Jake H. Josvanger (December 22, 1908 – June 30, 1966) was a former provincial and municipal level politician from Alberta, Canada. He served as a member of the Legislative Assembly of Alberta from 1955 to 1959 sitting with the Liberal caucus in opposition. He was also a municipal councilor for the Municipal District of Bonnyville No. 87.

==Political career==
Josvanger ran for a seat to the Legislative Assembly of Alberta in the provincial election as a candidate for the Liberals. He won the Bonnyville electoral district defeating two other candidates with just over 50% of the popular vote.

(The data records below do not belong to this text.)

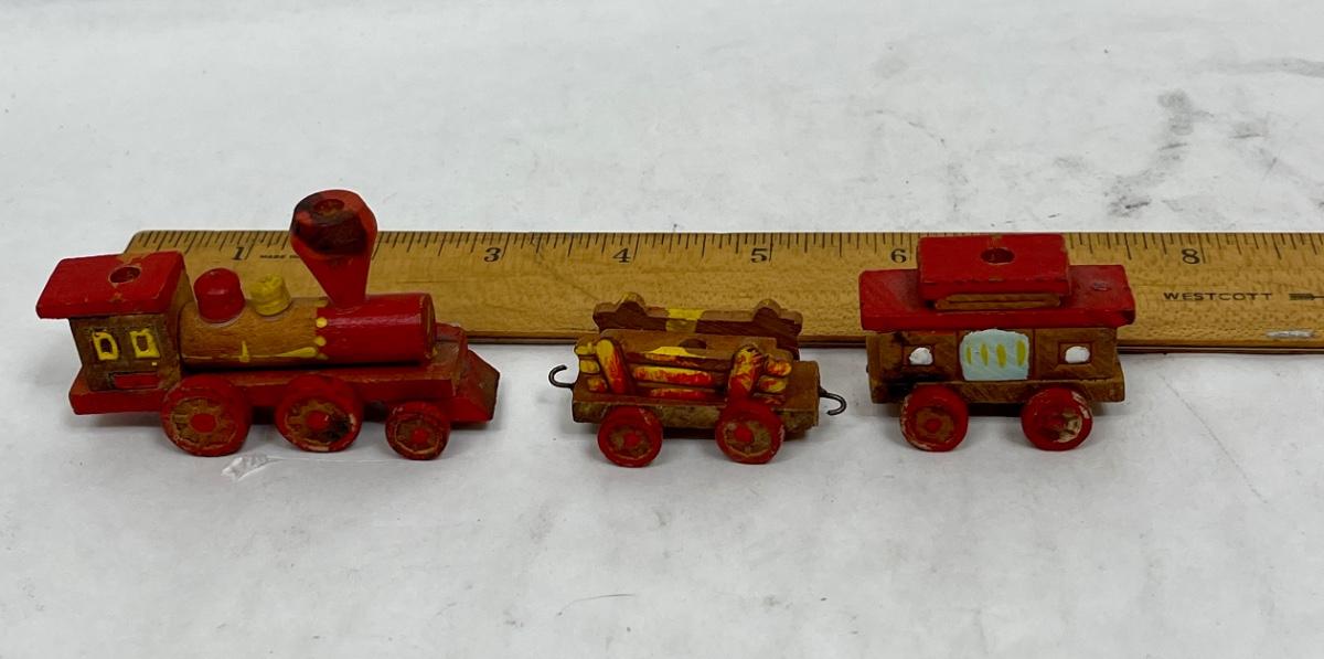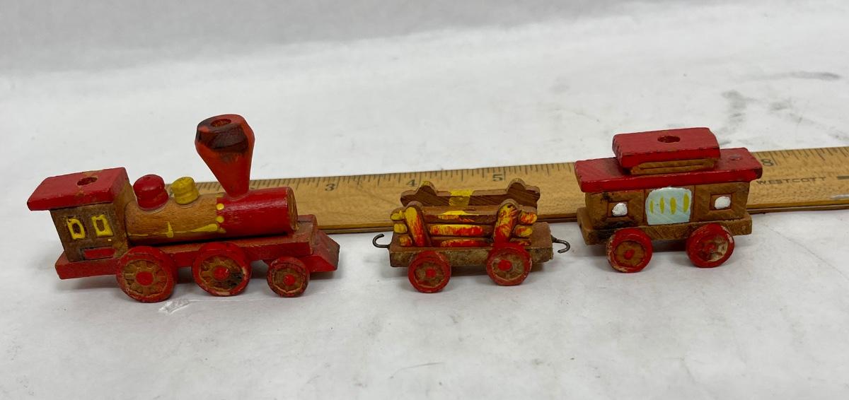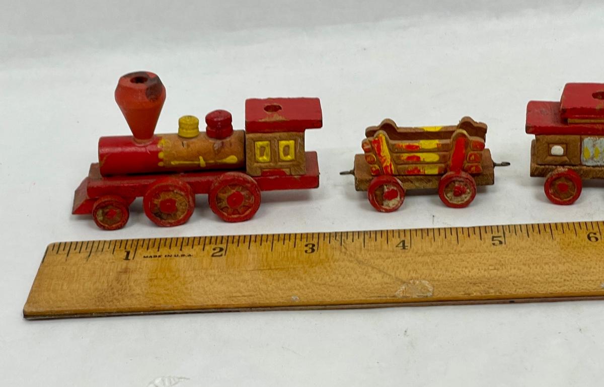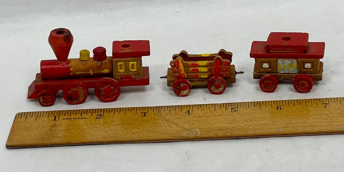 Vintage Hand-Carved Hand-Decorated Old Time Train Set Candle Holders - Made in Japan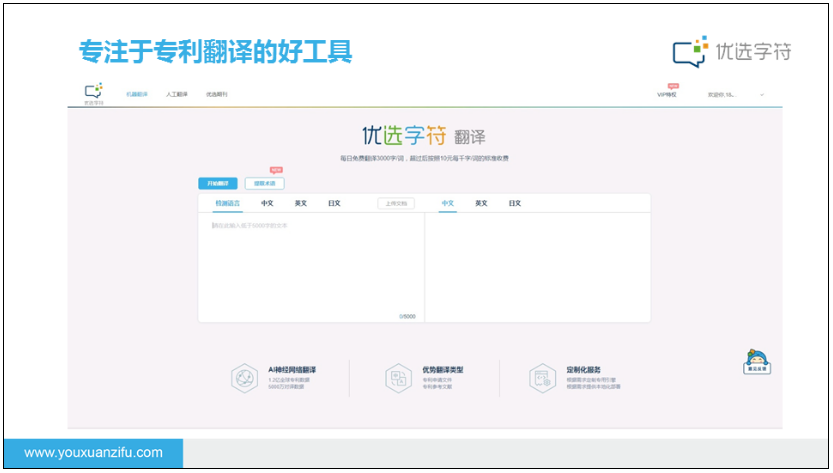 只需要您在浏览器中输入☞www.youxuanzifu.com,您想翻译的就可以交给优选字符机器翻译来帮您了,优选字符会很 快完成接近人工翻译水平的参考级译文。
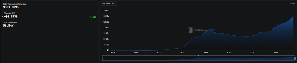 Recent data underscores this momentum. The stablecoin sector recorded its largest quarterly increase on record in Q3, adding roughly $46 billion in net new issuance, a 324% jump from Q2. Tether, Circle, and Ethena led the gains, pushing total supply to about $300 billion.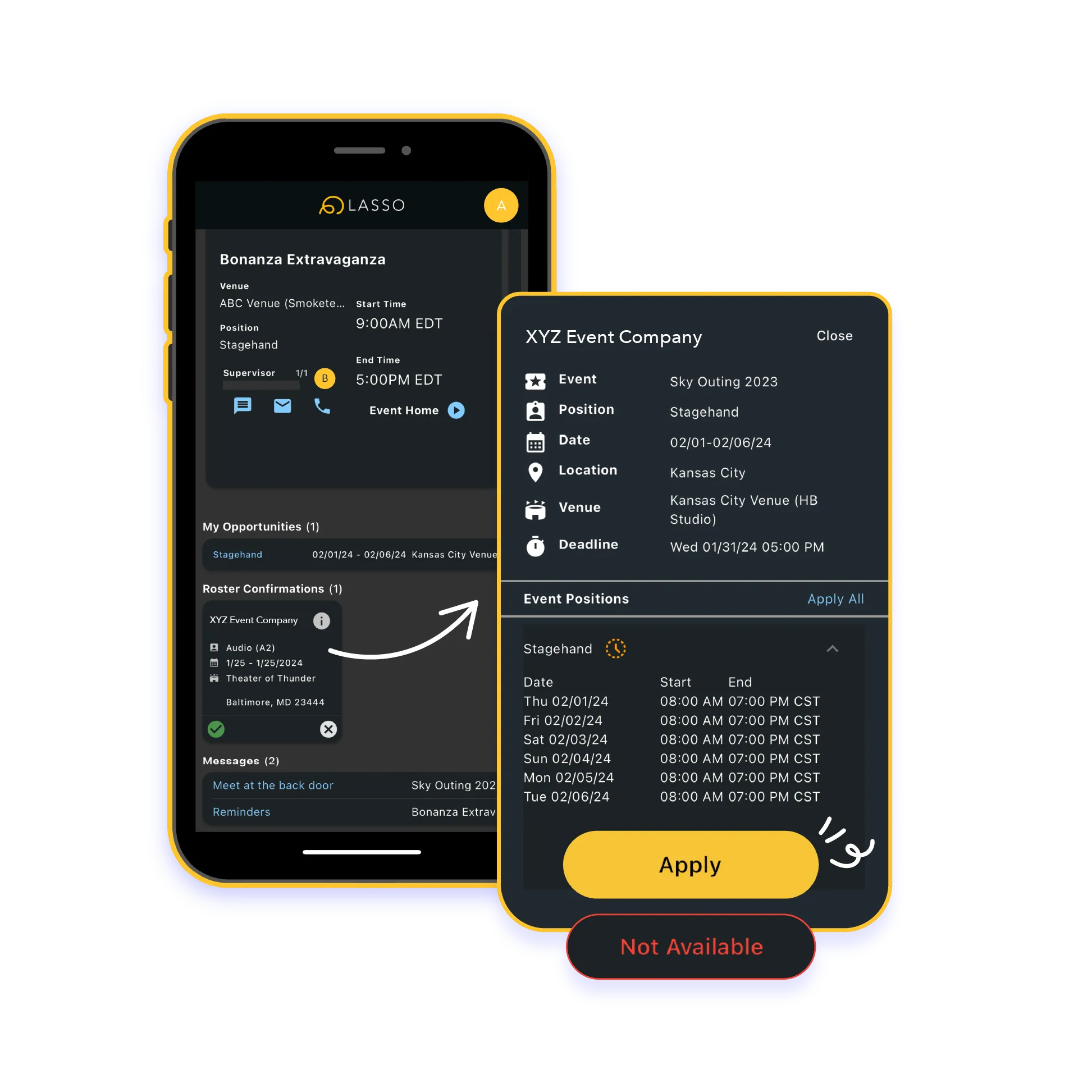 500,000+ Crew on our App Use the tools they’re already using. When you leverage LASSO, your workforce can rely on you for timely updates, clear communication, and find necessary event information in one centralized location.

He was elected later that year as a municipal councilor for the Municipal District of Bonnyville No. 87 in the first election held after its creation in 1955. Josvanger would serve both political posts.

Josvanger ran for a second term in provincial office in the 1959 Alberta general election. He was defeated by Social Credit candidate Karl Nordstrom, finishing second in the three way race.